Photos circulating online this week appear to show an impressive upgrade to China's military capabilities. The pictures appear to show a Chinese warship with a newly installed weapon on top.
The ship is an amphibious assault ship, normally used to deploy troops and tanks onto beaches. Photos of the new weapon fitted to the deck has people speculating that it's something militaries all over the world have been attempting to create – an electromagnetic railgun.
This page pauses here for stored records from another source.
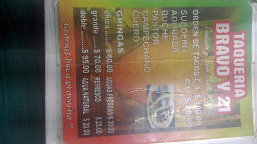 Tacos y gringas es lo que ofrece este local ubicado en las calles que lleva por nombre, ofrece distintos guisos; pastor, buche, campechana, suadero, entre otros cuantos mas, tiene un horario de 7 de la tarde a 1 de la mañana de martes a domingo. Sus tacos con copia son exquisitos y muy bien servidos, acompañados con cebolla asada o cruda y cilantro, una orden tiene el precio de $70 pesos mexicanos, aproximadamente 4 dolares, pero vaya que valen la pena, sin duda alguna no te quedarás con hambre aparte del gran sabor que estos tienen, tienen gringas también, tu eliges de que las quieres y te ofrecen la sencilla por $35 y la doble por $50. Puedes elegir entre comer afuera, adentro o para llevar. Un plus de su lugar de ubicación es que encuentras enfrente y a un lado las famosas micheladas de la bravo, y claro que las puedes acompañar con tu comida. Una recomendación es que vayas temprano o ya tarde si no quieres esperar 30 min. A que te atiendan en la hora pico ( de 9:00 a 11:00) ya que este es el unico pero que le ponemos a este...
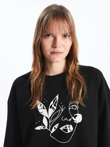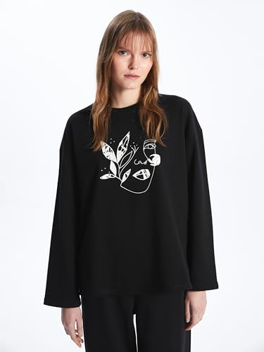 LC WAIKIKI - LC WAIKIKI Woman Crew Neck Printed Long Sleeve Oversize Sweatshirt
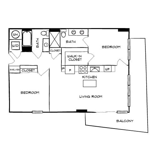 Modelo de apartamento: Design 1DL$3,0861 Dormitorio, 2 Baños, 974 sq ftDisponible Ahora![]()
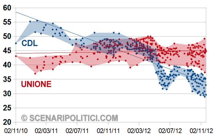 L’Unione invece, partendo intorno al 40% è riuscita a risalire fino al 45-50% per poi ritornare, a causa del boom del M5S intorno al 45%. Ad oggi i sondaggi sulle dimensioni della vecchia Unione sono un po’ discordanti e vanno da sotto il 40% fin quasi al 50%.
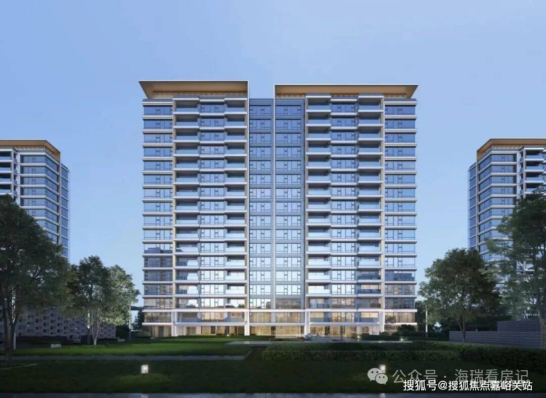 外立面的高窗墙比也是拉满,让通盘修立更具有通透性,带来超宽屏的视觉挫折;值得一提的是,阳台及主体窗的外轮廓还采用了34°斜切角治理,浅米色及暗金色铝板组合成艺术范“镜框”,与蓝灰色玻璃酿成内幕比较。
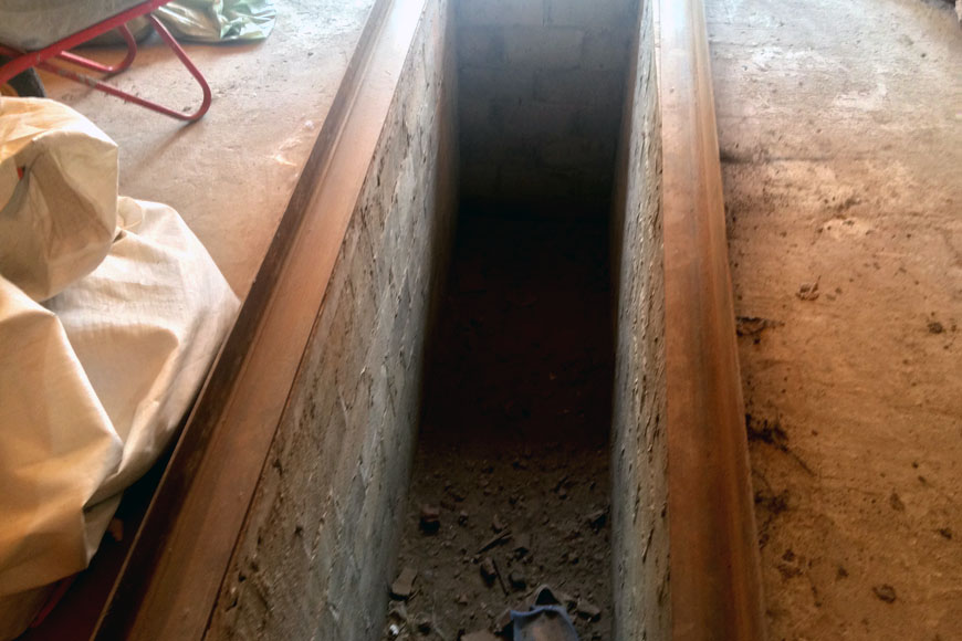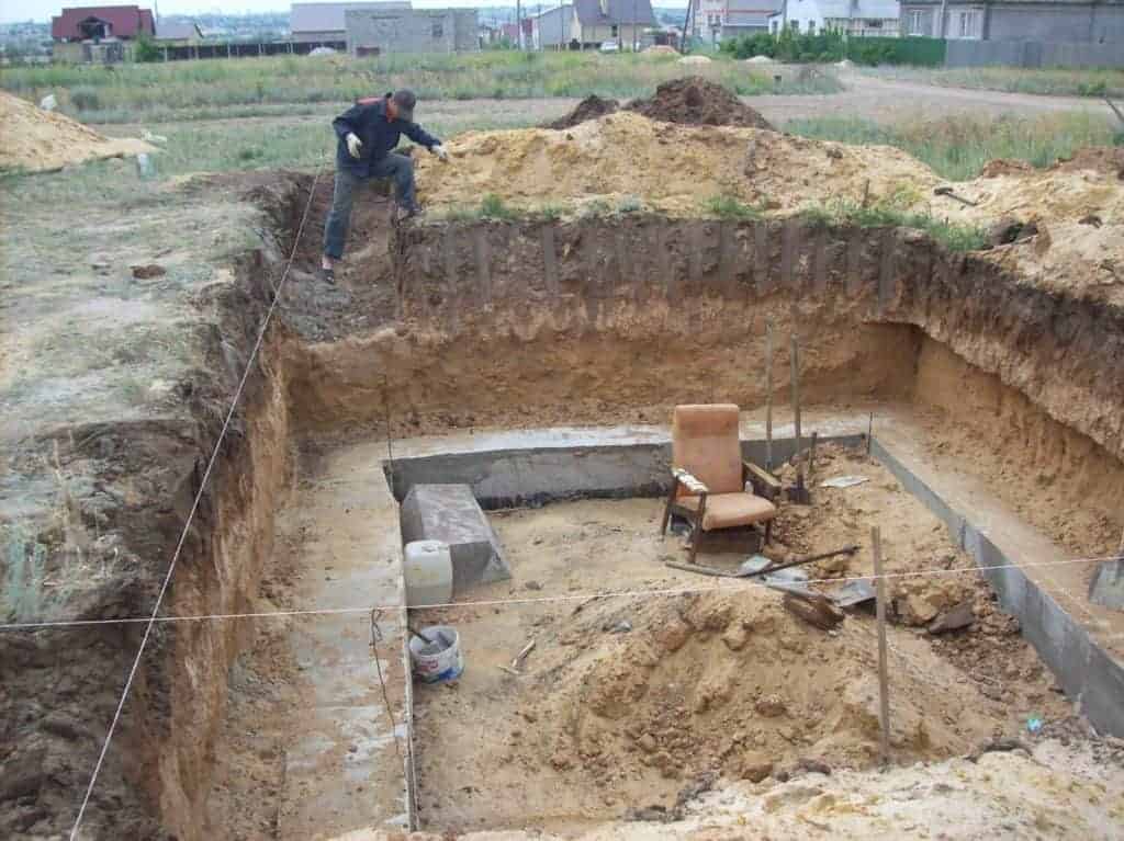 Но у такого варианта есть и плюс: закрытость строительной площадки. Крыша защищает яму от размывания дождем. Пол в помещении, как правило, представляет собой толстую армированную стяжку. При обустройстве ямы в этом случае создается разметка, а затем раздалбливается бетон. Арматурные хвосты обрезаются по периметру. Из получившегося котлована изымают почву и подушку из песка и гравия. Для этой операции используются обычные лопаты. Чтобы процесс шел быстрее, стоит пригласить помощника. Дно и стенки ямы нужно максимально выровнять
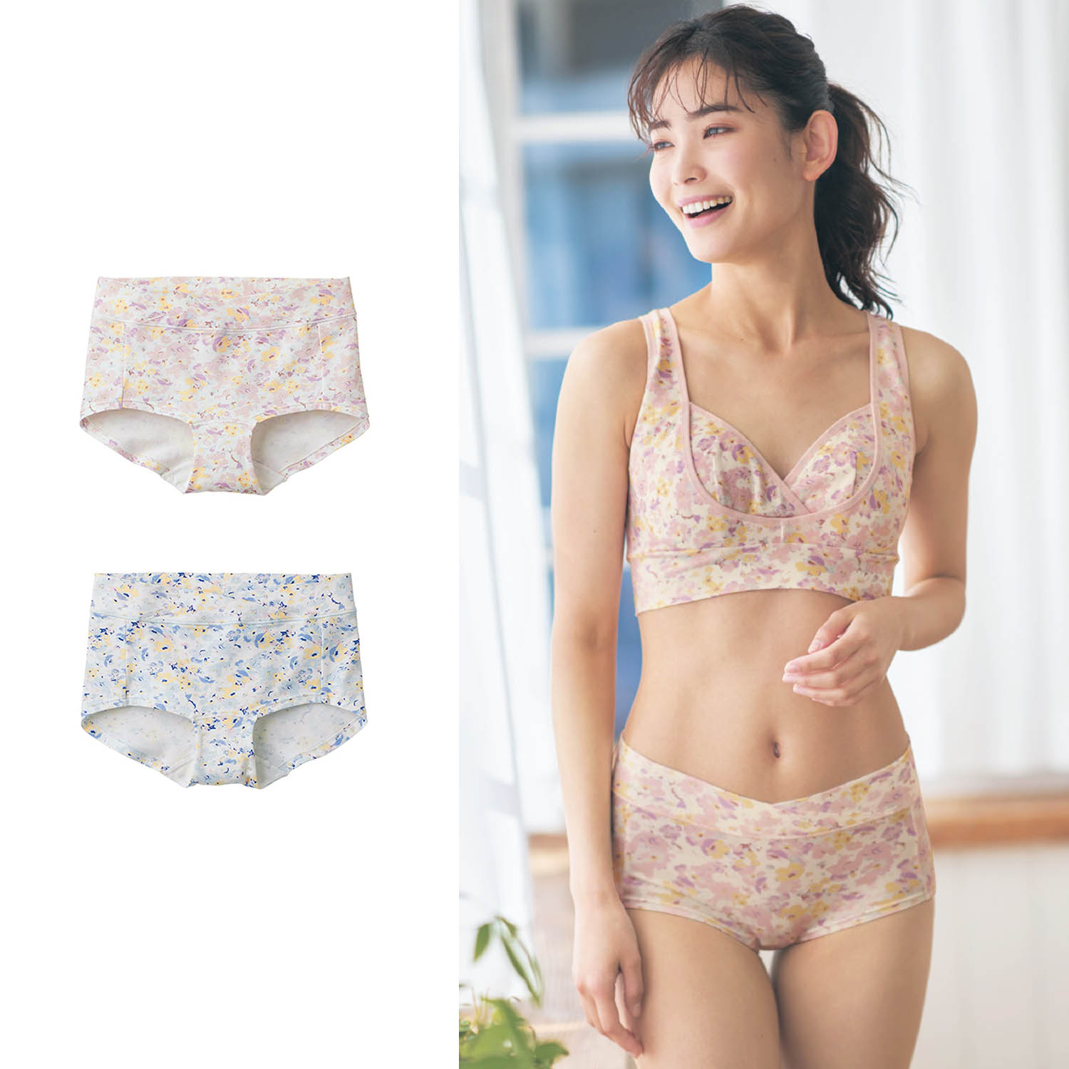―デザイン・スタイリング―・ストレスフリーなはき心地・産前から産後もらくちんボクサーショーツ・ローライズのボクサータイプ・ボトムからチラ見えしにくい・お尻はすっぽりと包んでくれる安心のはき心地ー機能ー・フロントクロス構造でお腹を締めつけにくい
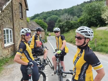 Look at us in our ACC kit! Lovely! Midweekers rode to Abinger Hammer via Leith Hill. Tea Rooms had a new member of staff!! Her first day! And she was under 30!! Shock horror!...
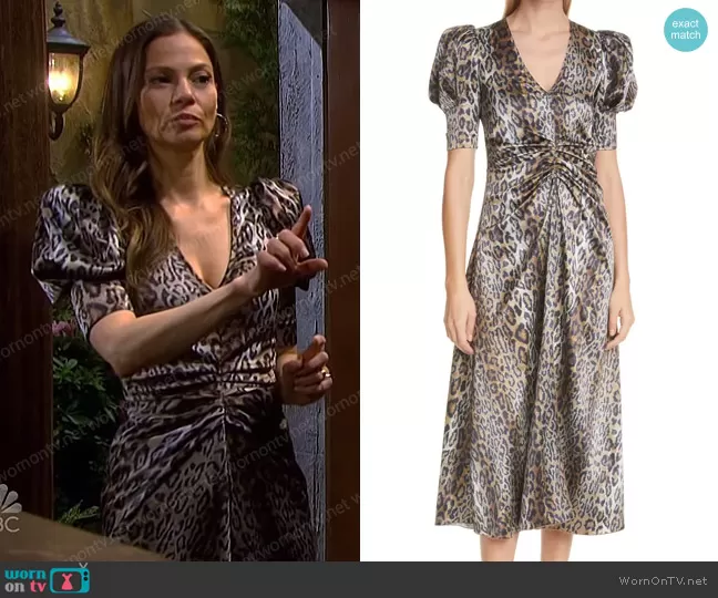 Ava Vitali (played by Tamara Braun ) on Days of our Lives on Peacock was spotted wearing this leopard ruched dress on Days of our Lives on Sep 10 2022's episode. Ava's Dress is the Sierina Puff Sleeve Slit Dress by Rotate.

If confirmed, it has been described as having "epoch-making significance" by military commentator Chen Shuoren, talking to People's Daily China.
The photos were first shared last week.
Further photos show the ship already going out to sea, reportedly to test the weapon.
People have been speculating about the capabilities of the gun.
"Okay this is a big game changer but it requires an abundant amount of power," one Twitter user wrote. "Moreover, what is the recharge time because if they’ve significantly reduced this then be afraid, be very afraid."
So how powerful are such weapons compared to current conventional weapons? The Office of Naval Research (ONR) has been working on creating an electromagnetic railgun for the past 10 years, Arstechnia reports. They don't downplay how powerful they are.
"Although it was once an object of imagination, theory, and science fiction, the electromagnetic railgun has finally made the leap from laboratory concept to weapon-grade technology," the ONR write on their website.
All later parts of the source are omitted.